Another way to overcome the fundamental limit of electronics is controlling the electric current by using valley degree of freedom (local maximum or minimum on the valence or conduction band) of electrons. It uses valence band or conduction band structure of semiconductors or insulators which possess multiple valleys such as diamond, graphene etc. This uses the wave quantum number of an electron in a crystalline material for encoding the information. The bits of information 0 and 1 are stored in different discrete values of crystal momentum. Valleytronics is the combination of two words such as valley and electronics. It is based on the quantum behavior of electrons. In terms of electronic band structure of materials, if one or more dips exists in the conduction band or peaks in the valence band, then the electronic band structure contains valleys. In valleytronics, the valley property of electrons is used to encode information without the physical movement of electrons. Some materials have different valleys. It is used for encoding information.
The electron travels through crystal as waves. These waves can be described by their different quantum numbers such as crystal momentum and spin. The electrons attain its minimum energy for zero momentum in vacuum. But the case of crystal material is different. Several theoretical and experiments are performed in different systems such as Graphene, Diamond, Molybdenumdisulphide etc.
In diamond, the electrons can attain minimum amount of energy at finite momentum along certain directions. It has 6 possible valleys of minimum energy. Figure shows the electronic band diagram of diamond. It shows the six valleys of minimum electron energy.
It has high symmetry in the crystal. At lower temperatures, the electrons stay at the valleys with minimum energy. Not only in diamond, but also in silicon and graphene have similar valleys. The valley polarized states have been created the 2D materials such as graphene, molybdenum disulphide. But they have very short life span. They stay for short time which is less than nanoseconds. But in the diamond, the electrons are relatively stable in their respective valley for a long time (300ns) at liquid nitrogen temperature, 77K .This is enough for utilizing this for information processing and experiments. Jan Isberg, Professor in the department of engineering sciences at Uppsala University says that this will prove to be the first step towards integrated valleytronic devices in the diamond. In the experiments the researchers shown that the polarized electrons can move across macroscopic distances about .7mm during the 300ns polarization relaxation. By using Hall effect, the polarization of electrons can be detected in magnetic field. As a consequence of different transport properties of different valleys, it is possible to detect the Hall angles of different polarization. The Hall angle detection of polarized electron beams is illustrated below. The polarized electrons created a line focus at the top surface which is shown in figure. The electron drifting occurs due to the applied bias between top and bottom surface. The resulting current can be measured from the strip contact. The Hall angle of polarized electrons can be measured by applying a magnetic field and moving the line focus.

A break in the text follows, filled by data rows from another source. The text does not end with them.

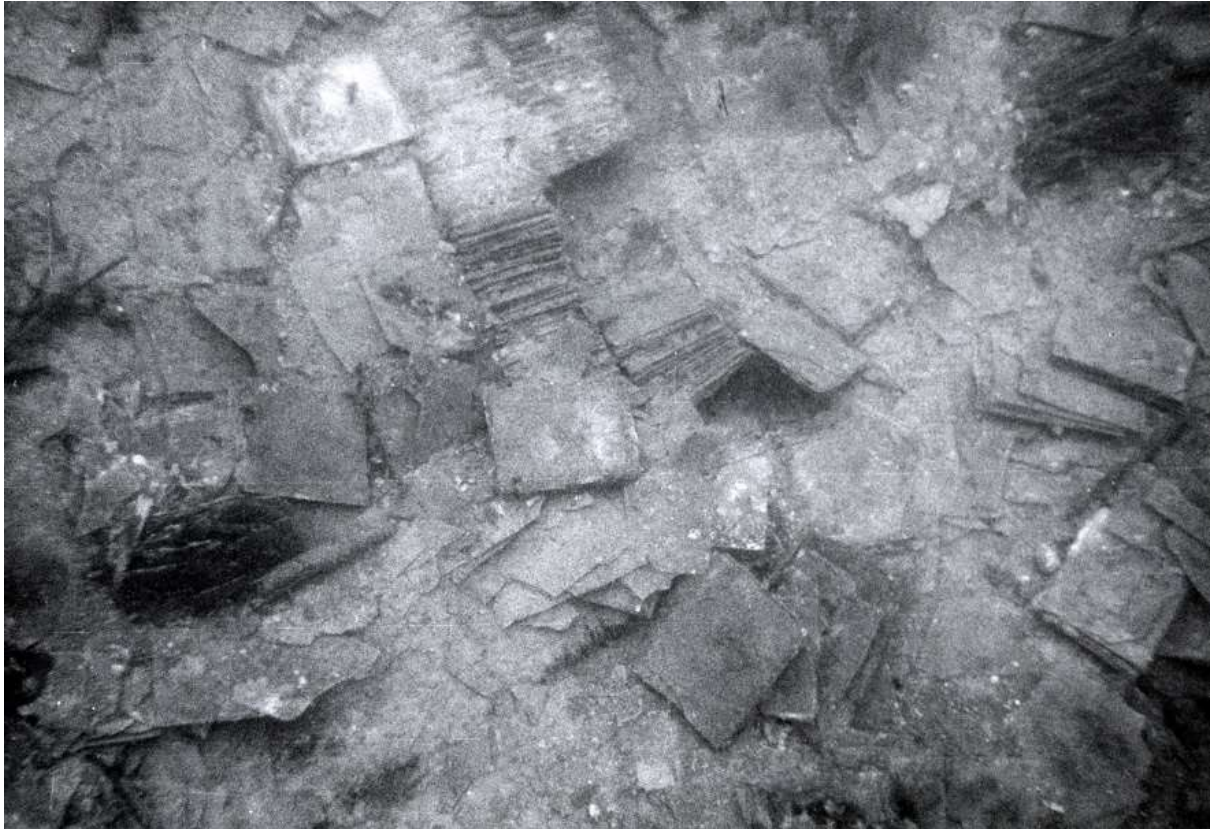
Slika 12 Teret novovjekovnog brodoloma kod otočića Otočca (I. RADIĆ-ROSSI, 2005, 49-63)
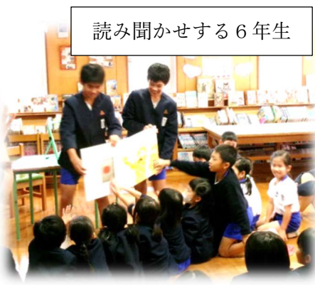
読み聞かせする6年生

そして、図書委員会の6年生にとっては、最後の読み聞かせとなりました。今回の読み聞かせもとても上手でした。聞いている子供たちも楽しそうに一生懸命に聞いていて素敵でした。進級しても、卒業しても、これからもたくさん本に親しんでほしいと思います。
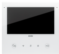
40517 - Portier-vidéo 2F+ Wi-Fi Tab7S Up blanc
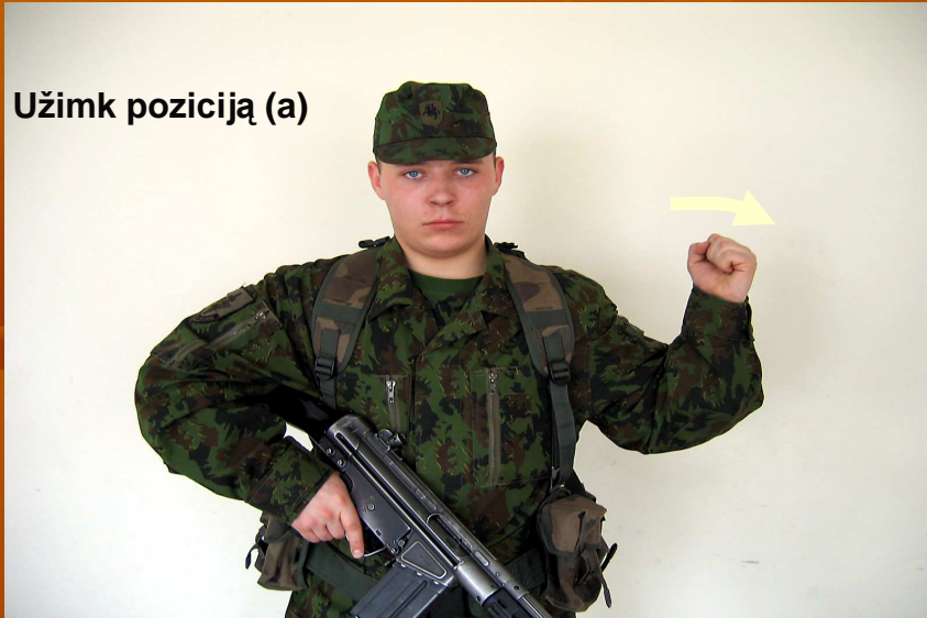
Užimk poziciją (a)
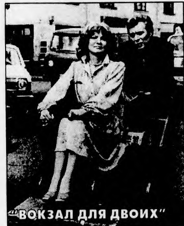
"ВОКЗАЛ ДЛЯ ДВОИХ"

"ВЗРОСЛЫЕ ДЕТИ" . Маленькие дети — маленькие заботы, большие дети — большие заботы. Именно так получилось у героев этой картины: их дочь неожиданно вышла замуж и в доме создалась
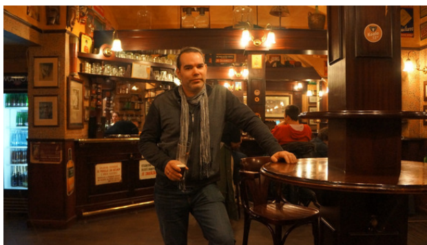
Бар «Толстая Коала», Прага.

Они быстро засеменили в сторону, типа не со мной, так как, видимо, мой крик их ошарашил. А я с песнями «Ой мороз, мороз» и «Ворон» добрал до «Коалы», выпил «Вельвета» и пошел в отель. Потом на следующий день переваривал то, что со мной произошло, и представлял, как бы могла судьба распорядиться, если бы все пошло по другому сценарию. Но скажу одно – я ни капли не жалею об этом приключении, которое мне подарила судьба! Я ощутил все чувства, которые даны человеку, чтобы он наслаждался жизнью и сравнивал!
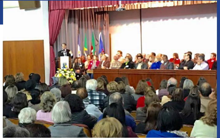
Anfitriato da Universidade Católica
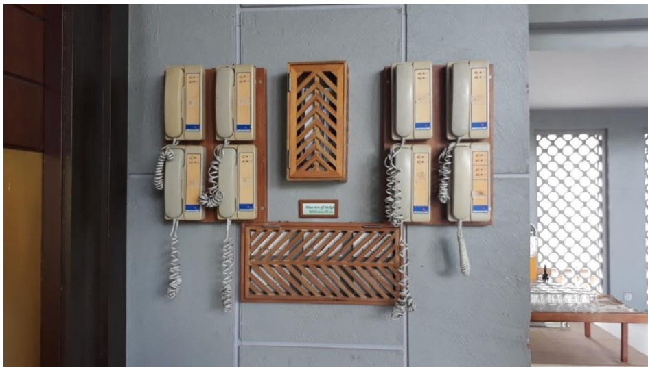
ภาพที่ 24 แสดงโทรศัพท์ภายในอาคารเมื่อลิฟต์มีปัญหา
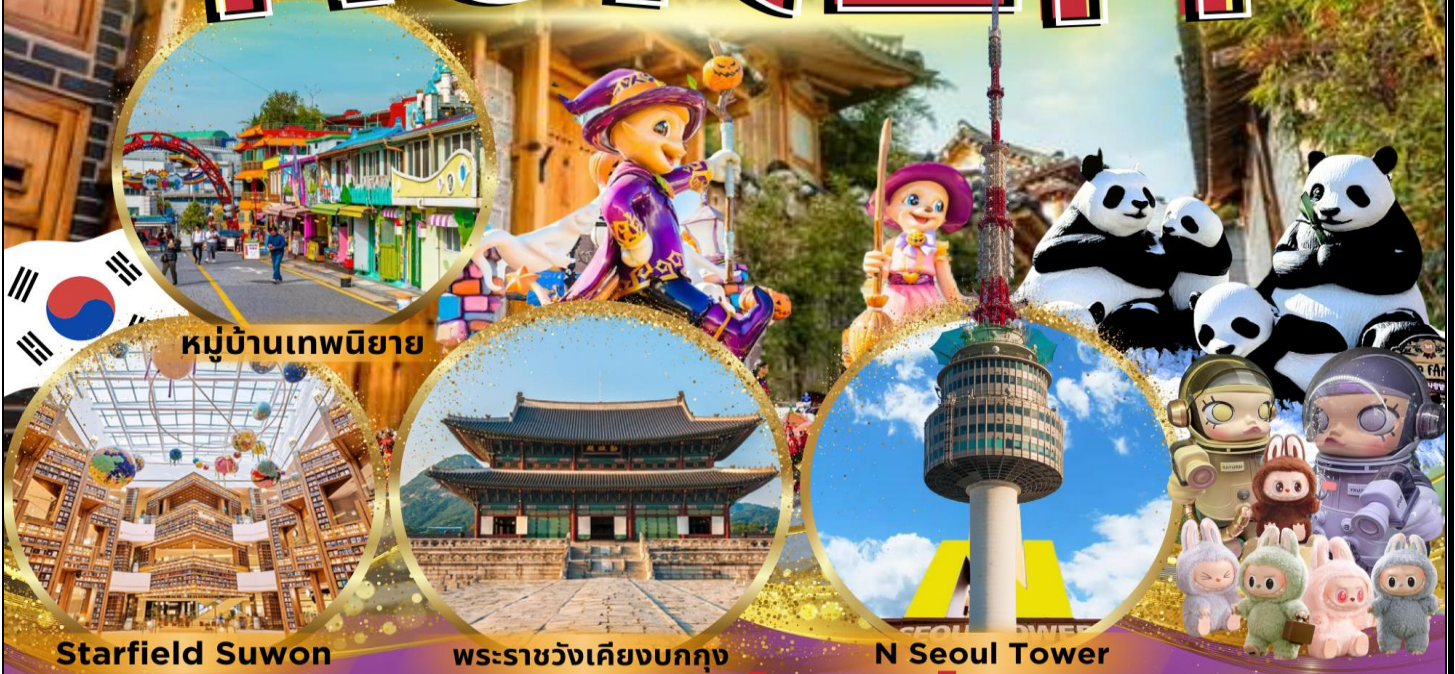
หมู่บ้านเทพนิยาย

Diamond is the hardest material and it is a good conductor of heat because of the strong covalent bonding and low phonon scattering. The thermal conductivity is six times than that of copper. It is also use as a semiconductor by doping to improve its electrical properties. Due to the long spin relaxation time, large band gap, valleytronic properties electrical properties, optical properties, the diamond is suggested as the material that can be used for future mechanics and quantum computer applications.
The recent paper in Nature Materials entitled “generation transport and detection of valley polarized electrons in diamond” ,Jan Isberg, Markus Gabrysch, Johan Hammersberg, Saman Majdi, Kiran Kumar Kovi, Daniel Twitchen show that the possibility of generate, transport, and detection of electrons with given valley quantum number in diamond at 77K temperature. It leads to the new opportunities of quantum control in electronic devices.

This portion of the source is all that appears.